The ease of collection and the increasing availability of large data stores has led to demands for improved methods for analyzing these data and deriving significant knowledge that maybe latent in these data stores. In particular there is hope that the use of new analytical techniques in connection with "data trawling", or data mining operations may reveal hidden relationships that lie buried within these data sets. This research investigates various techniques for the task of discovering relevant features and inference rules from data sets. Following the three steps of a knowledge extraction process, namely pre-processing (feature selection), rule discovery process, and post-processing (rule refinement), the research attempts to address some current difficulties in these three steps and introduces and integrates a °market trading' technique with existing techniques from the field of knowledge discovery and refinement with respect to data mining.
In connection with the pre-processing, a feature selection approach that employs neural networks is presented, and three associated pruning schemes that make automatic selection of the pruning threshold are proposed. The proposed neural network techniques are evaluated and compared with the x2-statistic-based discretization algorithm, called Chi2, by experimenting with six practical applications.
The Chi2 algorithm is investigated as a technique for solving problems in intelligent spatial information systems and fuzzy systems. The case studies show that the Chi2-based spatial data filtering can successfully reduce the number of spatial data items and the number of features, and therefore neural network computation can be efficiently performed. A novel approach of employing the Chi2 algorithm to select membership functions for fuzzy systems is proposed. In connection with the applications of fuzzy neural networks (FuNN models), three experimental examinations are demonstrated that an automatic selection of the number and widths of the membership functions by the Chi2-based membership function selection method can lead to the improvement of the generalization ability of FuNN fuzzy neural networks.

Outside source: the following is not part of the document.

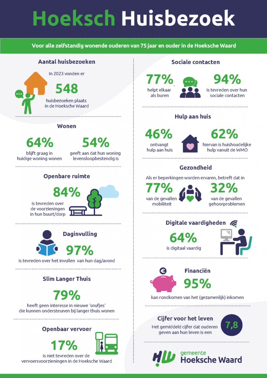 Alle informatie uit deze huisbezoeken is anoniem verwerkt in een rapportage. Deze informatie brengen de ouderenadviseurs van de gemeente onder de aandacht bij verschillende afdelingen binnen de gemeente en bij verschillende organisaties in de Hoeksche Waard. Graag delen we de uitkomsten hiervan met u. De volledige rapportage van de huisbezoeken is te lezen in de Rapportage uitkomsten Hoeksch huisbezoek 2023 Gemeente Hoeksche Waard.

In connection with the rule discovery and refinement process, a novel market-based rule learning (MBRL) system is developed and its capability of evolving and refining rules is investigated. a classifier system-inspired model, it introduces a novel element by importing existing rule sets generated by other rule extraction techniques into the system. This basic change not only makes the RL system begin with pre-established rule sets with a relatively limited complexity, rather than a random set, but also enhances the likelihood of being able to interpret the evolved rules.
Moreover, the MBRL system produces various modifications in each of the layers of the structure. With the modifications introduced by the MBRL system, the problems existing in current classifier systems can be solved or lessened.
In this research, the MBRL system is proposed as a post-processing tool to be used with fuzzy neural networks (FuNN models) and the fuzzy neural network rule extraction technique, ReFuNN, in order to provide a general framework for fuzzy inference-based rule discovery. Similarly, as a post-processing tool, the MBRL system is also proposed to be used with feedforward neural networks, and the feed-forward neural network rule extraction technique, NeuroLinear, in order to improve the quality of extracted rules from feed-forward neural networks. The experimental results show that the MBRL system is a potentially useful additional tool that can be used to refine (fuzzy) neural network extracted rules and possibly discover and add some new, better performance rules. As a result, it can lead to improved performance by increasing the accuracy of the rule inference performance and/or improving the comprehensibility of the rules.
By illustrating how the MBRL system succeeded in finding solutions for six learning examples from scratch, the MBRL system is shown to have potential as an alternative generic learning technique that can be used to complement, or be used as an alternative to, conventional connectionist models to accomplish complex computational tasks.